(STORED DATA Opens)

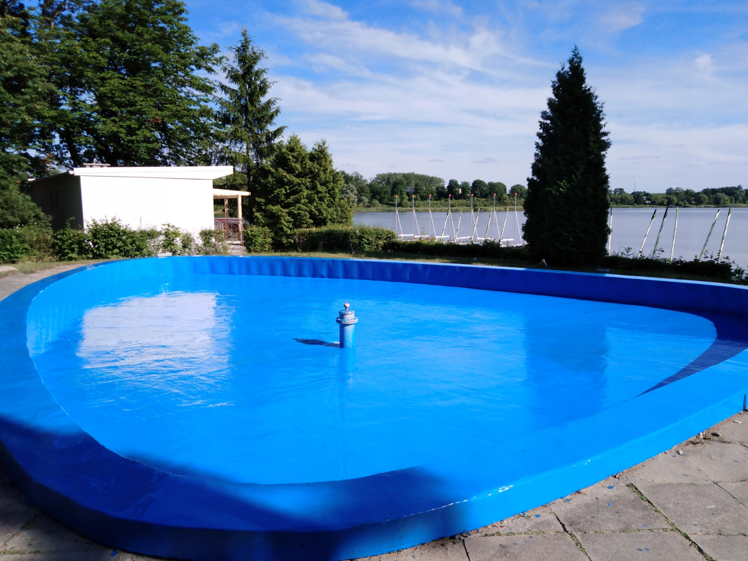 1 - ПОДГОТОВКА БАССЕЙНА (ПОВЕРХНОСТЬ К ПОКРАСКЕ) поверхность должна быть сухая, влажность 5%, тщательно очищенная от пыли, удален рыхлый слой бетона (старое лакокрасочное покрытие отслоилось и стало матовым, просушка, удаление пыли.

(STORED DATA Closes)
(STORED DATA Opens)

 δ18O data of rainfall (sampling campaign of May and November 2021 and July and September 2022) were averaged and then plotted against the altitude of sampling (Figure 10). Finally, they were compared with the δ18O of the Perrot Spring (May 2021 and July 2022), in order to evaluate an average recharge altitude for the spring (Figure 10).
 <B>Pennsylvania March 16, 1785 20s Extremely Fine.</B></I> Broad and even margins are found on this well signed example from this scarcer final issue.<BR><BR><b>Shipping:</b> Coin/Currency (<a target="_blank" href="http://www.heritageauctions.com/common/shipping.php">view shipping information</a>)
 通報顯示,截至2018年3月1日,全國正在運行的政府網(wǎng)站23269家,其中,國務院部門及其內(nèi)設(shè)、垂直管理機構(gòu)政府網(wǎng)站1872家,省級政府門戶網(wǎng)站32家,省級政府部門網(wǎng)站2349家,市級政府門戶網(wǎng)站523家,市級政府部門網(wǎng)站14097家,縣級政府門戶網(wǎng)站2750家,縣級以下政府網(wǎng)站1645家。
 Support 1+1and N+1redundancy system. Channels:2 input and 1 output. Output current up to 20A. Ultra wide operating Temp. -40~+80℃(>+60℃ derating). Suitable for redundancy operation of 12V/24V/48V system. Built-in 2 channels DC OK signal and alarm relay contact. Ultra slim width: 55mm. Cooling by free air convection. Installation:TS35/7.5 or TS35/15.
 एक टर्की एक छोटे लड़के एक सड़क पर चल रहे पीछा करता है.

(STORED DATA Closes)

AIM OF THE EXERCISE: Send back exactly the lines of the listing above starting at the one with "通報顯示,截至2018年3月" and ending at the one with "एक टर्की एक", inclusive, and no others.

THE COMPLETED TASK:
 通報顯示,截至2018年3月1日,全國正在運行的政府網(wǎng)站23269家,其中,國務院部門及其內(nèi)設(shè)、垂直管理機構(gòu)政府網(wǎng)站1872家,省級政府門戶網(wǎng)站32家,省級政府部門網(wǎng)站2349家,市級政府門戶網(wǎng)站523家,市級政府部門網(wǎng)站14097家,縣級政府門戶網(wǎng)站2750家,縣級以下政府網(wǎng)站1645家。
 Support 1+1and N+1redundancy system. Channels:2 input and 1 output. Output current up to 20A. Ultra wide operating Temp. -40~+80℃(>+60℃ derating). Suitable for redundancy operation of 12V/24V/48V system. Built-in 2 channels DC OK signal and alarm relay contact. Ultra slim width: 55mm. Cooling by free air convection. Installation:TS35/7.5 or TS35/15.
 एक टर्की एक छोटे लड़के एक सड़क पर चल रहे पीछा करता है.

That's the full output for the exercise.